THE government is studying the mechanisms for targeted fuel subsidy, so that it is not open to abuse and would reveal it later, said Lim Guan Eng.

“What is definite is that those driving luxury cars will not get it,” the finance minister said at the Parliament lobby today.
Lim was responding to social media criticism that the fuel subsidy for individual owners of cars with an engine capacity of 1,500cc or less could end up benefiting those who drive luxury marques with lower engine capacity.
“The government initially wanted to target the B40 group only but upon consideration, may extend a bit to the M40 group,” said Lim during the post-Budget 2019 press conference.
But Lim urged Malaysians to be patient as the new fuel subsidy will start only in June next year.
“This is only scheduled to take place in the second half of 2019.”
Yesterday, Lim announced that the government will provide a subsidy of 30 sen per litre of RON95 for up to 100 litres a month for cars with an engine capacity of less than 1,500cc and 40 litres per month for motorcycles up to 125cc.
As many as four million car owners and 2.6 million motorcycle owners are expected to benefit from this subsidy. The subsidy, however, will not extend to owners of multiple vehicles.

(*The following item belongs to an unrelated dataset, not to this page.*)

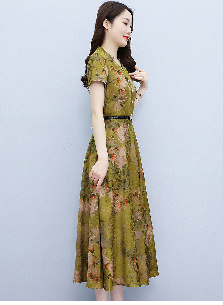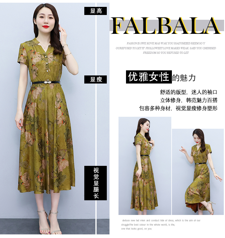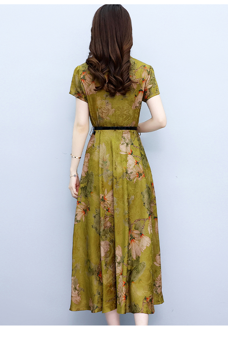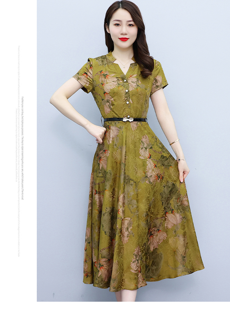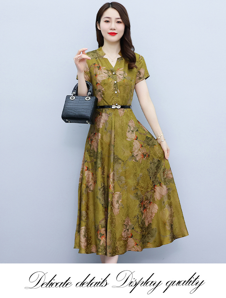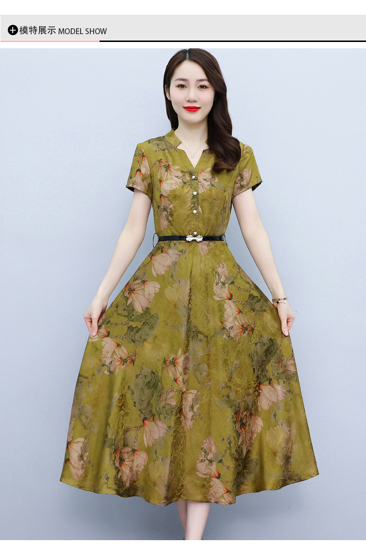 RM5475#夏季新款重磅花罗提花真丝香云纱印花百搭连衣裙女

The price of RON95 is currently fixed at RM2.20 per litre, while the price of RON97 is set according to market prices.
On another matter today, Lim also said the government was still committed to fiscal consolidation, although it will be done over three years.
“Fiscal consolidation will be done over three years from 3.7% (in 2019), 3.4% (2020) and lower than 3% the following year.
“The reason why we want to do it in three years instead of all at once is because the people’s social economic welfare should be given priority.
“We also want to grow the economy or else we could slip into a contraction. We don’t want that to be happening although there is already some belt-tightening,” said Lim.
He said among the tightening was the cost-cutting measures for some RM19 billion worth of contracts.
“The benchmark was a minimum 10% savings on RM19 billion of projects already signed by the previous government.
“If they don’t want (to cut), we will re-tender the projects.
“But I’m confident that the contractors will agree as many of these projects were entered through direct negotiation or limited tenders where the prices were inflated,” said Lim. – November 3, 2018.